Deux lettres accolées au nom du modèle, et pas mal d’acheteurs se posent la même question. La Husqvarna 450 e-series partage moteur, cylindrée et puissance avec la 450 classique, sans un gramme d’écart. Une seule pièce les distingue, et elle se manipule à la main. L’avis vise la seule question qui vaille : ce petit plus pèse-t-il sur votre journée ?
On aime
- Tendeur à molette, plus de clé égarée
- Retension en dix secondes, gants aux mains
- Bouchons de réservoir relevables
- Le bloc 50 cm³ de la 450, inchangé
- Starter à retour automatique
On aime moins
- Aucun gain de puissance ni de poids
- Ce petit plus reste discutable
- Mécanisme plus sensible à la sciure
Pour vous si
vous retendez souvent, vous rodez des chaînes neuves, et perdre la clé combinée vous exaspère.Pas pour vous si
la clé combinée ne vous a jamais dérangé : la 450 standard fait exactement le même travail.Le tendeur sans outil, seule vraie différence de la Husqvarna 450 e-series
Autant l’annoncer tout de suite pour ne pas tourner autour du pot. La mention e-series ne désigne ni une motorisation, ni une génération, ni une finition haut de gamme. Elle désigne un mécanisme de tension de chaîne actionné à la main, sans clé combinée.
Le principe est tout simple. Une molette solidaire du carter latéral remplace la vis classique. Vous desserrez, vous tendez, vous resserrez, le tout en quelques secondes. La clé reste au fond de la caisse à outils, là où elle a le don de disparaître.
Tout le reste est rigoureusement identique à la version standard : 50,2 cm³, 2,4 kW, 5,1 kg à sec, guide de 45 cm. Le détail complet de cette mécanique, on le décortique dans notre analyse de la Husqvarna 450, dont cette page est la variante.

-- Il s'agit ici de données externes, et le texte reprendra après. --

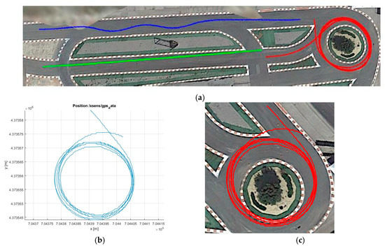GPS sensor data of the scenarios: (a) scheme of the different driving test scheduled, with blue representing slalom, green representing braking and red representing roundabouts; (b) trajectory obtained during the roundabout test using the Inertial Measurement Unit (IMU) sensor; and (c) trajectory obtained during the roundabout test from a GPS sensor.

Ce que la molette change réellement sur un chantier
Le vrai bénéfice se révèle sur une chaîne neuve. Les premières heures, elle s’allonge et réclame deux ou trois retensions. Avec une clé, ça veut dire poser la machine, fouiller la poche, régler, ranger. À la molette, l’affaire dure dix secondes, gants aux mains.
Le second cas est encore plus banal : la clé perdue. Tout habitué a déjà cherché la sienne dans les copeaux, à genoux, en pestant. Ce scénario-là disparaît d’un coup, et à lui seul il convainc pas mal de monde.

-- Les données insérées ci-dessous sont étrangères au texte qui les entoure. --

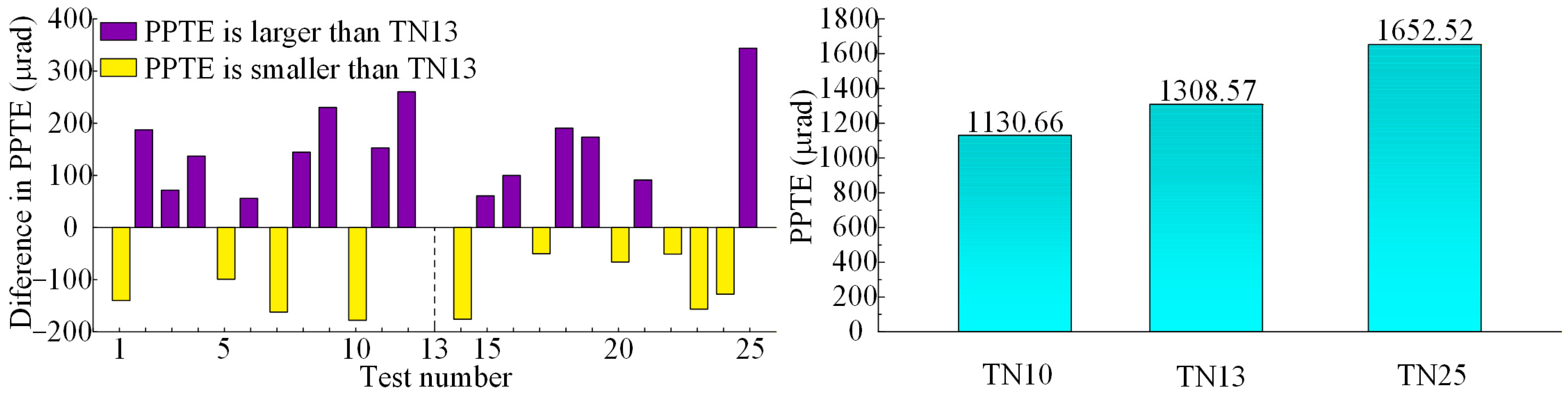 | Parameters | Mean Values of PPTE (μrad) | Range (μrad) |

Une réserve mérite d’être posée franchement. Un mécanisme à molette compte plus de pièces mobiles qu’une simple vis, et la sciure fine finit par s’y glisser. Un nettoyage régulier du carter latéral l’empêche de durcir au bout de quelques saisons.
La facilité du geste ne dispense pas de le faire bien. Une molette pousse à tendre trop fort, par confort, et une chaîne trop tendue mange le guide et le pignon bien plus vite qu’une chaîne un peu lâche. Trois repères suffisent à viser juste.
- La chaîne se soulève de deux ou trois millimètres au milieu du guide, pas plus.
- Elle reste manoeuvrable à la main, gantée, sans forcer sur le tour du guide.
- Le réglage se fait moteur froid : une chaîne chaude est dilatée et fausse le repère.
450 ou 450 e-series : le confort du tendeur vaut-il le détour ?
La réponse dépend entièrement de votre façon de bosser. Trois profils se dégagent, et ils tranchent la question sans hésiter.
- Vous montez souvent des chaînes neuves : la molette se rend utile dès la première saison.
- Vous coupez trois fois par an avec la même chaîne : la clé combinée suffit largement.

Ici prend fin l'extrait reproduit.